You don't accidentally stab someone to death. This wasn't a "fuck up," if you read the article, or even what I wrote in the comment above, you'd see that the kid followed the victim around after they had already tried to disengage from the guy with the knife.
Knife guy sought them out, escalated the situation despite the victim and his group trying to get knife guy to leave them alone, and then stabbed him in the chest.
Where's the accident in that?
So... I thought even England only had a life sentence for adults, and they had the option for parole every 10 years?
Edit: average life term is 15-20 years before parole. https://en.wikipedia.org/wiki/Life_imprisonment_in_England_and_Wales#%3A%7E%3Atext%3DIn_England_and_Wales%2C_the%2Cminimum_term_of_40_years.
Life imprisonment is applicable only to defendants aged 18 and over. Those aged under 18 are sentenced to an indeterminate sentence (detention at His Majesty's pleasure). Any convict sentenced to a life sentence can in principle be held in custody for their whole life, assuming parole is never given for juveniles.
Read the article, lots of nuances, he's probably got 10 years before his parole hearing, but this stuff goes in and out of courts a lot because the government often tries to interfere.

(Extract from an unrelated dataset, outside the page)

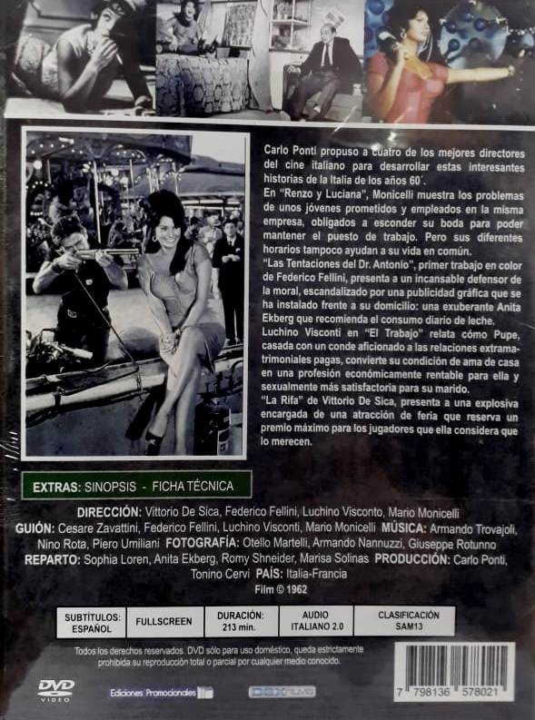 Comedia satírica en la que cuatro grandes directores italianos hacen una adaptación cinematográfica de algunos cuentos de Boccaccio. En «Renzo y Luciana», Monicelli narra la historia de un hombre y una mujer que se ven obligados a casarse en secreto para no perder su trabajo. En «Le tentazioni del dottor Antonio», dirigida por Fellini, un hombre se siente muy escandalizado por un cartel publicitario. En «Il lavoro» Visconti cuenta la historia de un conde involucrado en un escándalo. De Sica relata una historia ambientada en Nápoles: «La riffa».

Sadly, this seems like it's likely a case of psychopathy. Technically you can't diagnose minors with it, but they have pre-adult terms for the same thing.
Children at that age, at least according to the majority of modern research, have extremely low rates of successful behavioral reconditioning towards socially acceptable norms. It's almost zero.
The best researchers have been able to do, even with extremely intensive treatment, is to slightly curb their most violent and predatory tendencies.
I agree that we should take a non-retributive approach to justice, but the sad truth in these cases, at least as far as we know right now, these folks cannot be fixed and reintroduced into the general population, they are too dangerous.
Their brains, either through genetic misfortune, or through extreme sustained trauma from infancy, are permanently malformed. They lack any significant capacity for empathy or love. They cannot relate to other people on any level, especially emotionally. Their brains are literally not wired for it, as awful as that is.
We shouldn't throw them in a hole though. They should be permanently imprisoned in specialty facilities that constantly treat their mental disorder and try to employ them in productive jobs that can help society. They should be provided proper medical care and resources, possibly tightly supervised short term release in condition of exceptional behavior and treatment response.
Good.
We should not let acts of violence like go unpunished.
We need to set an example for anyone else who may be thinking about committing the same thing.
If your goal is to act as a deterrent then harsher sentences do not work, at least according to research.
At this point, we think it is fair to say that we know of no reputable criminologist who has looked carefully at the overall body of research literature on “deterrence through sentencing” who believes that crime rates will be reduced, through deterrence, by raising the severity of sentences handed down in criminal courts.